Kinetics data for Sirt6 on the fluorogenic substrate, AcEALPK(MyrK)-AMC, and non-fluorophore containing peptide, TNF-αK20 myristoyl.

Substrate	Km (µM)	kcat (s−1)	kcat/Km (s−1 M−1)
AcEALPK(MyrK)-AMC	9.7 ± 1.2	0.0028 ± 0.0001	2.7 × 102
TNF-αK20 myristoyl	4.5 ± 1.1	0.0050 ± 0.0004	1.1 × 103

Next, we tested whether this fluorogenic assay is able to pick up compounds that can inhibit Sirt6. We chose several compounds that were reported to be sirtuin inhibitors, including nicotinamide,³³ Sirtinol,³⁴ AGK-2,¹⁷ Cambinol¹⁰ and Tenovin-1³⁵ (Fig. 4A). Because of the lack of an efficient Sirt6 activity assay, these compounds were not tested in their ability to inhibit Sirt6. Using 200 µM concentrations, we screened the ability of these compounds to inhibit Sirt6 in the fluorogenic assay. Among all the compounds tested, nicotinamide showed the best inhibition (57%) at 200 µM. All other compounds showed less than 50% inhibition at 200 µM (Fig. 4B). The dose-response curve (Fig. 5) for nicotinamide was obtained using this fluorogenic assay.

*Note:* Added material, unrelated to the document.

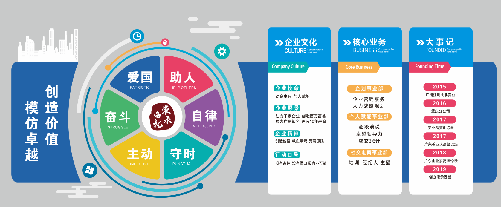 東承西就(廣東)教育信息咨詢服務(wù)有限公司,創(chuàng)辦于2019年8月,由北北美業(yè)(廣州北北商貿(mào)有限公司,于2015年9月在廣州市天河區(qū)注冊(cè))原班人馬從新出發(fā),以企業(yè)服務(wù)和個(gè)人賦能為核心業(yè)務(wù)。2020年簽約抖音MCN機(jī)構(gòu),布局社交電商。

From the dose-response curve, the IC₅₀ of nicotinamide for Sirt6 was determined to be 184 µM, which was consistent with the value (153 µM) obtained with the HPLC assay using a longer H3K9 myristoyl peptide that did not contain AMC. Thus, the fluorogenic assay could readily detect the known general sirtuin inhibitor, nicotinamide. This was the first time these known sirtuin inhibitors were tested on Sirt6 and the results pointed out that most known sirtuin inhibitors could not inhibit Sirt6 very well.

Fig. 4.

Structures of known sirtuin inhibitors (A) and Sirt6 inhibition at 200 µM (B) measured using the fluorogenic substrate AcEALPK(MyrK)-AMC. Experiments were done in duplicate, and error bars represent deviation from the mean.

Fig. 5.

The dose-response curve measured using the fluorogenic substrate AcEALPK(MyrK)-AMC.

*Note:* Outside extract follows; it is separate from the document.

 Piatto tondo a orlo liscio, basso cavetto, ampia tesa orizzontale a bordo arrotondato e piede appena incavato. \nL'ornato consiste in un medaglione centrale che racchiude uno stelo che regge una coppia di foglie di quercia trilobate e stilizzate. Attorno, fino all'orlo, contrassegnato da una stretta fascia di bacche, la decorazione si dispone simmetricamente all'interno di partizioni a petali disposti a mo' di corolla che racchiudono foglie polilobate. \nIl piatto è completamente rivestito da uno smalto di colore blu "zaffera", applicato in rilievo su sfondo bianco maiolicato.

In summary, we developed a fluorogenic AMC-myristoyl peptide that could be used to screen for compounds that could modulate Sirt6 activity. Using this assay, we demonstrated that except nicotinamide, none of the known sirtuin inhibitors tested could inhibit Sirt6 efficiently, highlighting the need to develop better Sirt6 inhibitors. The fluorogenic assay we developed here should be easily miniaturized and automated for high-throughput screening to identify Sirt6-specific inhibitors or activators, which could be important tools to investigate the physiological function of Sirt6 and protein lysine fatty acylation.